Village in Norfolk, England

Great Bircham is a village, part of the civil parish of Bircham, in the King's Lynn and West Norfolk district, in the English county of Norfolk. It is 12 mi north-east of the town of King's Lynn, and 38 mi north-west of the city of Norwich.

== History ==
The village's name is of Anglo-Saxon origin and it is listed in the Domesday Book as a settlement of 21 households in the hundred of Docking. In 1086, Bircham Newton was part of the estates of Ralph de Beaufour and William d'Ecouis.

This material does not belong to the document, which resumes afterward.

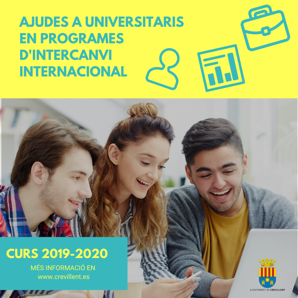 La Regidoria de Cultura informa que es ja està obert el termini de sol·licitud dels dos programes d’ajudes municipals anuals per al curs 2019-2020, dirigides a estudiants empadronats a Crevillent. Els interessats i interessades podran presentar les seues sol·licituds fins al dijous 23 de juliol sol·licitant cita prèvia a la Casa Municipal de Cultura.

In 1740, the common land in Great Bircham was subject to enclosure.

Great Bircham Windmill was built in 1846 by George Humphrey and was restored in 1977. The mill remains open to visitors today.

In 1931 the parish had a population of 327. This was the last time separate population statistics were collected for Great Bircham and on 1 April 1935 the parish was abolished to form part of the parish of Bircham.

== St. Mary's church ==

Great Bircham's church is dedicated to Saint Mary and dates mainly from the 14th-century. The building is Grade I listed.

== Governance ==
Great Bircham is part of the electoral ward of Bircham with Ruddhams for local elections and is part of the district of King's Lynn and West Norfolk. It is part of the North West Norfolk parliamentary constituency.